Ultimately, Australia can only control what happens within its own borders. And growing the population so fast is unambiguously negative for Australia’s environment, water security, liveability, housing affordability, as well as meeting our emissions reduction targets. So why go down this path?
While climate change is a global problem, most commentators (myself included) believe that Australia should act locally. The only difference is that, unlike me, many of these same commentators do not believe that Australia should act locally on population growth, even though it too is a global problem. Spot the contradiction?
There is another problem with their view that it doesn’t matter where people live. The fact is that when migrants from developing nations come to Australia, their carbon footprints grow significantly.
A case in point is China, which is now Australia’s second largest migrant group, as well as one of the fastest growing:
A recent Swinburn University study showed that Chinese-born migrants have giant ecological footprints that dwarfs the Australian-born population:
In 2010, China overtook the United Kingdom as Australia’s largest source of permanent migrants (a position now held by India). Since then, China-born migrants have averaged around 15% of the annual intake…
Our findings are based on an extensive face-to-face survey of 61 China-born and 72 Australia-born residents. The main findings were as follows.
Within a decade of arrival in Melbourne, China-born urban consumption patterns were more than three times their consumption before their migration…
It is apparent that consumer acculturation is the major process by which Chinese migrants have come to mirror the host society in Australia. Cultural integration is less evident – it lags consumer acculturation. This was clear from a comparison of scores on a Cultural and Linguistic Difference (CALD) Index.
The index incorporated measures of birthplace, English proficiency, religion, food preferences, participation in entertainment and festivals, avenues of social interaction and engagement with neighbourhood communities. The gap between the China-born and Australia-born groups’ scores on the CALD Index was significant (see Figure 1). This suggests a strong cultural influence on the China-born group’s urban consumption behaviours is likely…

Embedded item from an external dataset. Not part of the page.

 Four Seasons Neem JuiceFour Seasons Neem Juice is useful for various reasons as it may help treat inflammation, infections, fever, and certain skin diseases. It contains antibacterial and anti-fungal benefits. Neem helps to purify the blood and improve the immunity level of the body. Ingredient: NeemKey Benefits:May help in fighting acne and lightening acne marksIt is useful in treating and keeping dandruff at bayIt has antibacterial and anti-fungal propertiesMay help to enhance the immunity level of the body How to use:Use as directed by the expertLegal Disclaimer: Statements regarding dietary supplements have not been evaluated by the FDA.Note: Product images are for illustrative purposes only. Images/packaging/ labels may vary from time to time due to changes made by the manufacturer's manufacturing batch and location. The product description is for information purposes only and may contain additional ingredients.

A comparison of the different components of the ecological footprints of China-born and Australia-born residents was also revealing. Housing footprints measuring the size and type of dwelling occupied by the China-born residents were 18% larger overall.
This may be due to the role housing plays in reflecting an attained status (mien-tzu, or “to save face”) within the host society. Consumption levels that outstrip those of Australia-born residents indicate the potential danger of housing consumption being used to indicate “successful” settlement in Australia.

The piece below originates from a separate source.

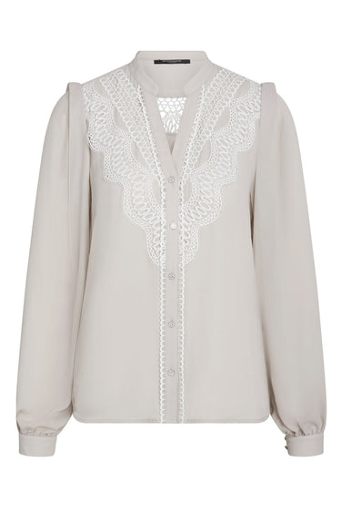 - OBS! Fjernlager. Levering kan blive forlænget med 2-3 dage, hvis varen ikke findes i vores butik lige nu.Smuk og elegant skjorte med v udskæring fra Bruuns Bazaar. Skjorten er designet i et regular fit, med fin læg detalje ved ærme, en similisten knap ved krave og blondebånd foran og bag.
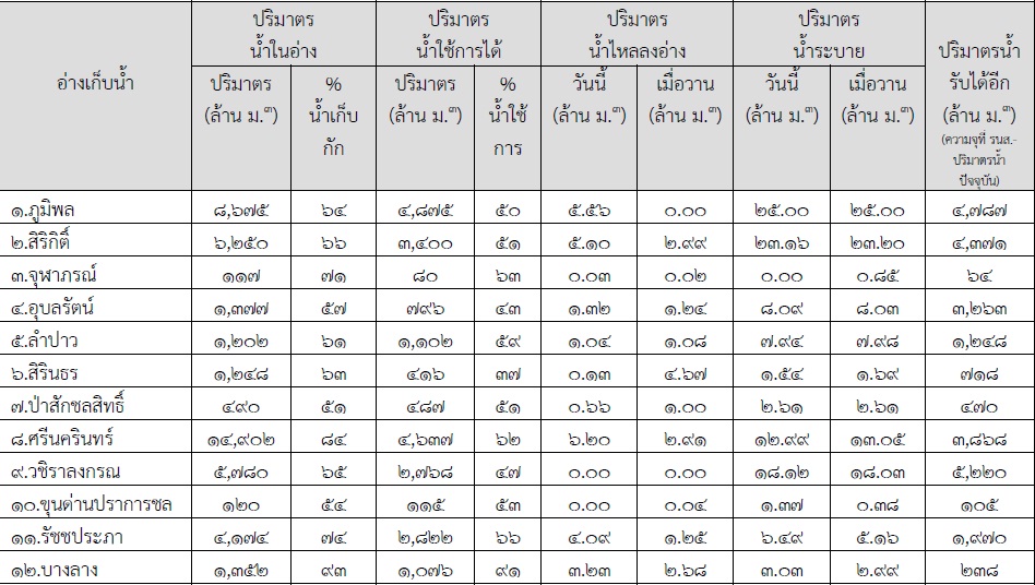 - สภาพน้ำในอ่างเก็บน้ำขนาดใหญ่ปริมาตรน้ำในอ่างฯ 49,545 ล้าน ลบ.ม. คิดเป็นร้อยละ 70 (ปริมาตรน้ำใช้การได้ 26,001 ล้าน ลบ.ม. คิดเป็นร้อยละ 55) ปริมาตรน้ำในอ่างฯ เทียบกับปี 60 (42,705 ล้าน ลบ.ม. คิดเป็นร้อยละ 60) มากกว่าปี 60 6,840 ล้าน ลบ.ม. ปริมาณน้ำไหลลงอ่างฯ 31.74 ลบ.ม. ปริมาณน้ำระบาย 132.13 ล้าน ลบ.ม. สามารถรับน้ำได้อีก 21,322 ล้าน ลบ.ม.

Food footprints of the China-born were 16% larger than the Australia-born. This reflected higher consumption of meat and dairy products and lower consumption of home-grown vegetables. Carbon footprints of the China-born were 37% bigger, mainly as a result of more frequent overseas travel.

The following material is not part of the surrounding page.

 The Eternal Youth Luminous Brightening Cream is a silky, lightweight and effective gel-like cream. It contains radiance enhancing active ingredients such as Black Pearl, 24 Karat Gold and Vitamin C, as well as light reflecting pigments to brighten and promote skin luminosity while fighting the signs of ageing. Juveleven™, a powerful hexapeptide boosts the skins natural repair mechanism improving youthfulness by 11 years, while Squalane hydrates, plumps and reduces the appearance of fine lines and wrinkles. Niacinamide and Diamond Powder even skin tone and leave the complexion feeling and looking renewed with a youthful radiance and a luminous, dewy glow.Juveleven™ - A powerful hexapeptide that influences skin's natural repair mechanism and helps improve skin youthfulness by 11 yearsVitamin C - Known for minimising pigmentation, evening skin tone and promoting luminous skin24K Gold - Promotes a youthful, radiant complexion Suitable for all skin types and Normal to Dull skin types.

Thus, while Australia’s mass immigration program is unambiguously hampering its ability to meet the Paris Agreement emissions reduction targets, it could also be raising Australia’s per capita emissions (other things equal).
As an aside, the glutenous consumption and high carbon footprint of Chinese-born migrants comes despite them being the second lowest paid diaspora, earning considerably less than the Australian-born population, according to the ABS:
In any event, it is a bad result for Australia and the world.